To show that the relation $\sin \beta \ge \sin \varphi$ when $\beta \ge \varphi$, is equivalent to the Rayleigh’s criterion $a\sin \Delta \theta \ge 1.22{\lambda }_0$.

Answer to Problem 97P

The relation $\sin \beta \ge \sin \varphi$ when $\beta \ge \varphi$, is equivalent to the Rayleigh’s criterion $a\sin \Delta \theta \ge 1.22{\lambda }_0$.

Explanation of Solution

Write the expression for the Rayleigh’s criterion.

  $a\sin \Delta \theta \ge 1.22{\lambda }_0$                                                                                                    (II)

Here, $a$ is the diameter of the circular aperture.

Solve equation (V) for $\sin \Delta \theta$.

  $\sin \Delta \theta \ge \frac{1.22{\lambda }_0}{a}$                                                                                                      (III)
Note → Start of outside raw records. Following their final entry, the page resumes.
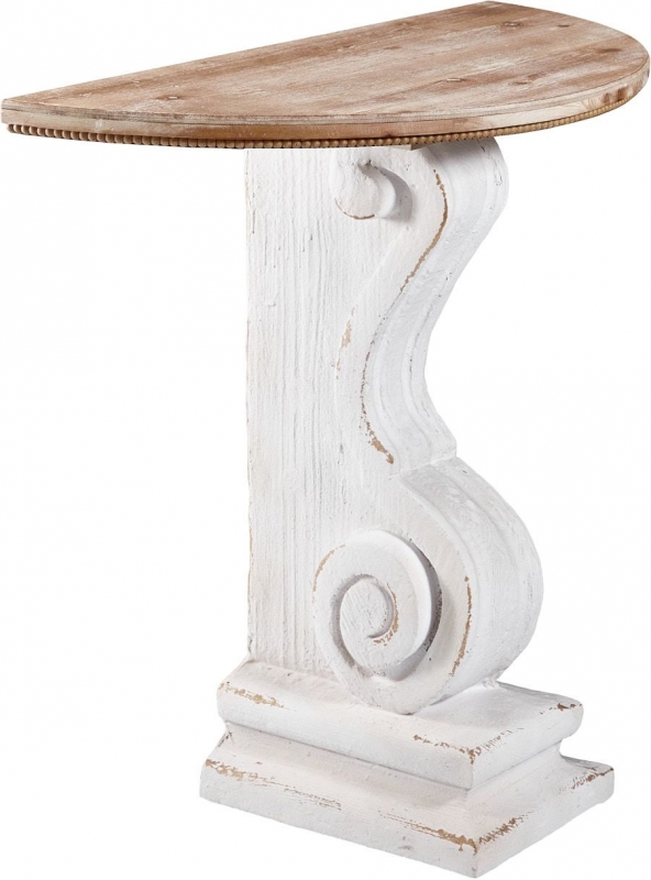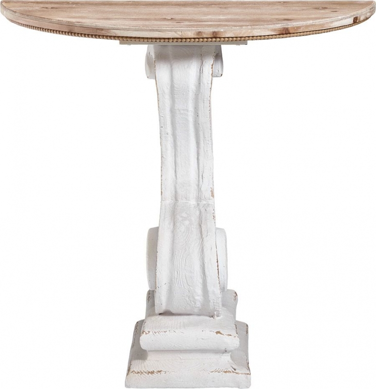 Консоль Despina сочетает в себе классический и современный дизайн. Ее изогнутая форма и декоративные элементы создают эффектный визуальный акцент. Цветовая гамма включает теплые деревянные оттенки на поверхности и белоснежный цвет основания, что придает изделию уютный и свежий вид. Материал — высококачественное дерево с эффектом искусственного старения, что придает каждой консоли уникальность. Поверхность имеет естественные неровности и потертости, создающие атмосферу старинного шедевра.
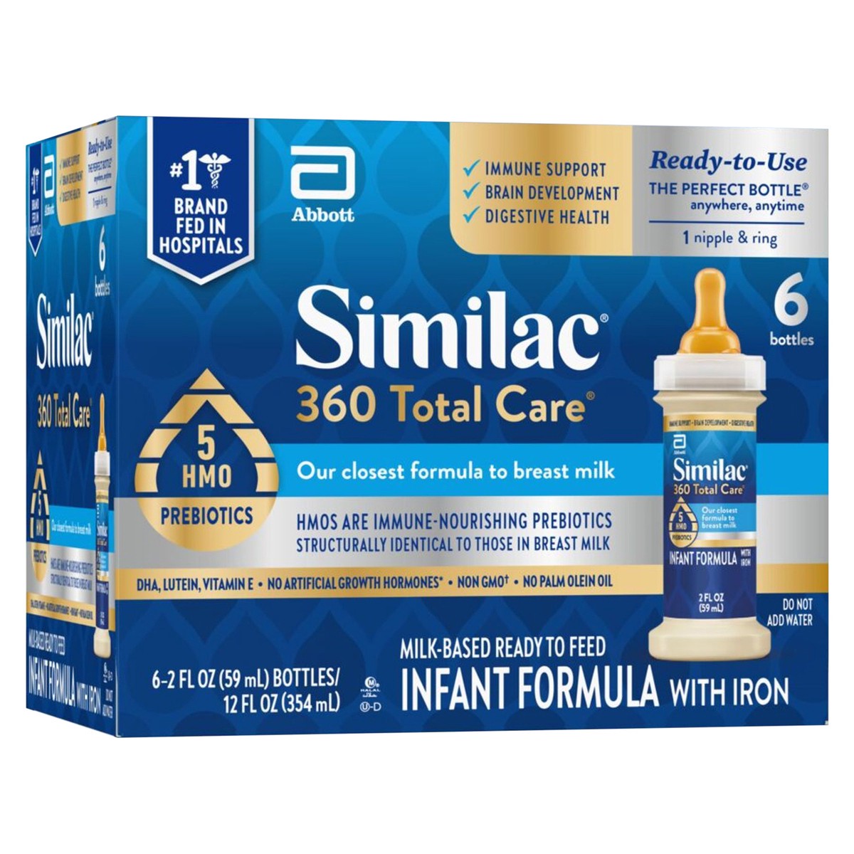 No. 1 brand fed in hospitals. Immune support. Brain development. Digestive health. Ready-to-use. The perfect bottle anywhere, anytime. 1 Nipple & ring. Our closest formula to breast milk. 5 HMO prebio…
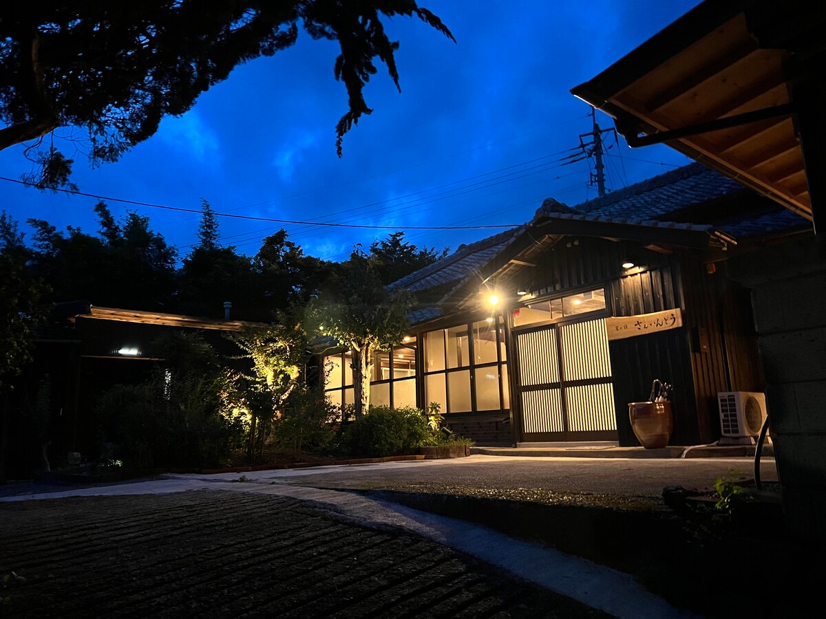Bu, Şimanto dağlarında yerləşən, gündə bir qrup ilə məhdudlaşan özəl mehmanxana. Köhnə fermanı istifadə edərək onu rahat bir məkana çevirdik. Çəkinmədən ailəniz və dostlarınızla birlikdə dincələ bilərsiniz. ・ Hər birində 2 yarı-çarpayı olan 3 otaq var. Əlavə çarpayılarla 7 nəfərə qədər qonaq qala bilər. - Pulsuz paltaryuyan maşın və quruducu (yuyucu vasitə ilə).Ardıcıl gecələr və açıq hava fəaliyyətləri üçün uyğundur. ・ 5 litr pulsuz pivə daxildir!Toast deyərkən barbekü və ya isti yeməkdən zövq ala bilərsiniz. * Öz kömür və inqrediyentlərinizi gətirin. ・ Mehmxana körpüdən qısa məsafədə yerləşir, körpüdən Tosa Kuroshio Dəmiryolu Nakamura və Sukumo Xətlərini görə bilərsiniz. ・ Binalarda yemək otağı var və səhər yeməyi saat 7:00-dan 9:30-a qədər təqdim olunur (cümə axşamı və cümə günləri bağlanır). ・ Şimanto Şəhərində yemək və ya alış-veriş etmək istəyirsinizsə, avtomobillə cəmi 10 dəqiqəyə çata bilərsiniz. Giriş vaxtı saat 15:00 -dan 19:00 -a qədərdir. (Planlaşdırılan vaxtınız dəyişərsə, bizimlə əlaqə saxlayın) Çıxış vaxtı saat 10-a qədərdir Gecələr isə ulduzlarla dolu səma sakitliyi ilə dolur. Təbiətə yaxın olduğu üçün mövsümdən asılı olaraq həşəratlar görünə bilər. Həşəratları sevmirsinizsə, qışda gəlməyi tövsiyə edirik, çünki o zaman sakit vaxt keçirə bilərsiniz. Avtomobillə gəlsəniz, naviqasiya sistemi sizi yanlış yerə yönləndirə bilər.
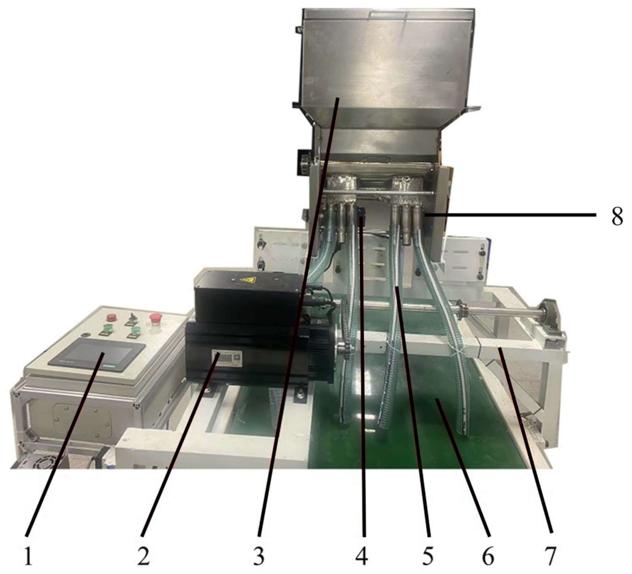 To verify the accuracy of the simulation and the actual seeding effect under bench test conditions, a bench test on the seeding performance of a 6-row seed metering device was conducted on the seed metering device test bench in the laboratory of Hubei Provincial Agricultural Machinery Appraisal Station. The main test devices included a prototype of the rapeseed roller-type precision cluster metering device with Bezier curve-based cell holes, a servo motor, a centrifugal fan (connected to the high-pressure chamber of the seed metering device via an air pipe), an electronic balance, and a test platform for seed metering device performance detection. For the test, Deyouza 988 rapeseed seeds—widely cultivated in the middle and lower reaches of the Yangtze River—were selected. The seed metering device test setup is shown in Figure 11.

Divide equation (VI) by $n$.

  $\frac{\sin \Delta \theta }{n}\ge \frac{1.22{\lambda }_0}{an}$                                                                                                     (IV)
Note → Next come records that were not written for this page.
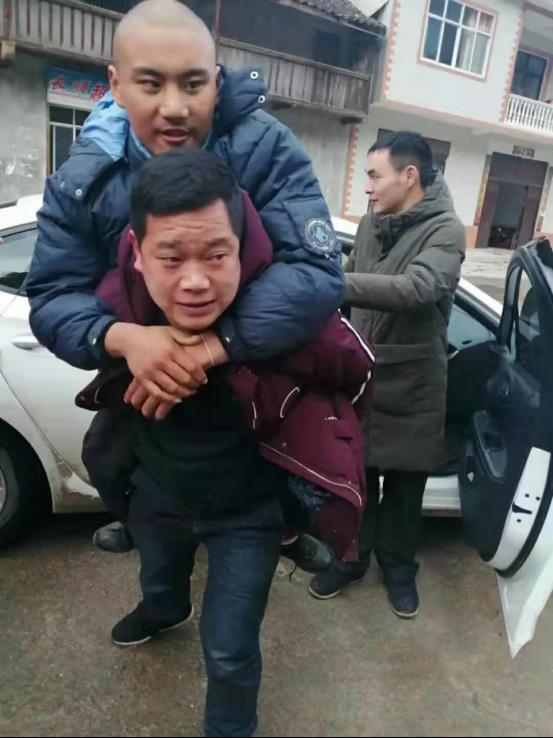 (谭森权背西流水村残疾儿童郑鑫奎参加送教下乡活动。)
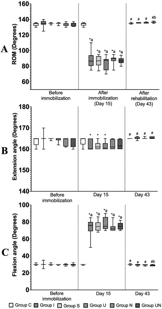 (A) ROM of the stifle joint (°), (B) extension angle, and (C) flexion angle of the stifle joint of rats. Values are expressed as median with interquartile ranges. Group C; control group (n = 12); Group I, immobilization-alone group (n = 12); Group S, immobilization and spontaneous recovery group (n = 12); Group U, immobilization and therapeutic ultrasound group (n = 12); Group N, immobilization and NMES group (n = 12); Group UN, immobilization and therapeutic ultrasound and NMES combination group (n = 12). *, significant difference from before immobilization in the same group (p < 0.05); #, significant difference from Day 15 in the same group (p < 0.05); a, significant difference from Group C in the same period (p < 0.05); b, significant difference from Group S in the same period (p < 0.05).
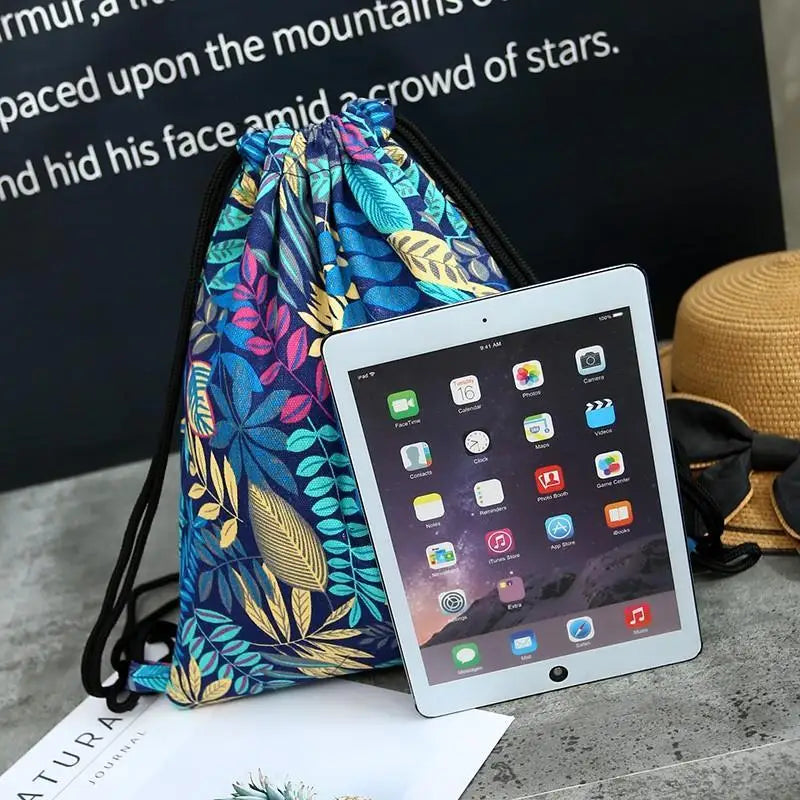 Leaf Drawstring Shoulder Storage Bag Women Men Travel Beach Backpack

Write relationship between $\Delta \theta$, the angular separation of the two sources, and $\beta$, the angular separation of the two images.

  $\sin \Delta \theta =n\sin \beta$                                                                                                     (V)
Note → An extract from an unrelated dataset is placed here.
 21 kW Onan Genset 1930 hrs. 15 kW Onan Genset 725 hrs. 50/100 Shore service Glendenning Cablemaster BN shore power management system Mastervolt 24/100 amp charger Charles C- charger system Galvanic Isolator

Solve equation (II) for $\sin \beta$.

  $\sin \beta =\frac{\sin \Delta \theta }{n}$                                                                                                     (VI)

Use equation (VI) in (IV).

  $\sin \beta \ge \frac{1.22{\lambda }_0}{an}$                                                                                                     (VII)

Write the expression for determining the location of the first minimum of the diffraction pattern in the eye.

  $a\sin \varphi =1.22\lambda$                                                                                                    (VIII)

Here, $\lambda$ is the wavelength of light in the vitreous fluid.

Write the expression for the wavelength of the light in the vitreous fluid.

  $\lambda =\frac{{\lambda }_0}{n}$                                                                                                                  (IX)

Here, and ${\lambda }_0$ is the wavelength of light in vacuum.

Use equation (IX) in (VIII) and solve for $\sin \varphi$.

  $\begin{array}{l}a\sin \varphi =1.22\frac{{\lambda }_0}{n}\\ \sin \varphi =\frac{1.22{\lambda }_0}{na}\end{array}$                                                                                                     (X)

Use equation (X) in (VII).

  $\sin \beta \ge \sin \varphi$                                                                                                         (XI)

The deduction of the equation (XI) from (II) shows that the relation $\sin \beta \ge \sin \varphi$ when $\beta \ge \varphi$, is equivalent to the Rayleigh’s criterion $a\sin \Delta \theta \ge 1.22{\lambda }_0$.

Conclusion:

Therefore, the relation $\sin \beta \ge \sin \varphi$ when $\beta \ge \varphi$, is equivalent to the Rayleigh’s criterion $a\sin \Delta \theta \ge 1.22{\lambda }_0$.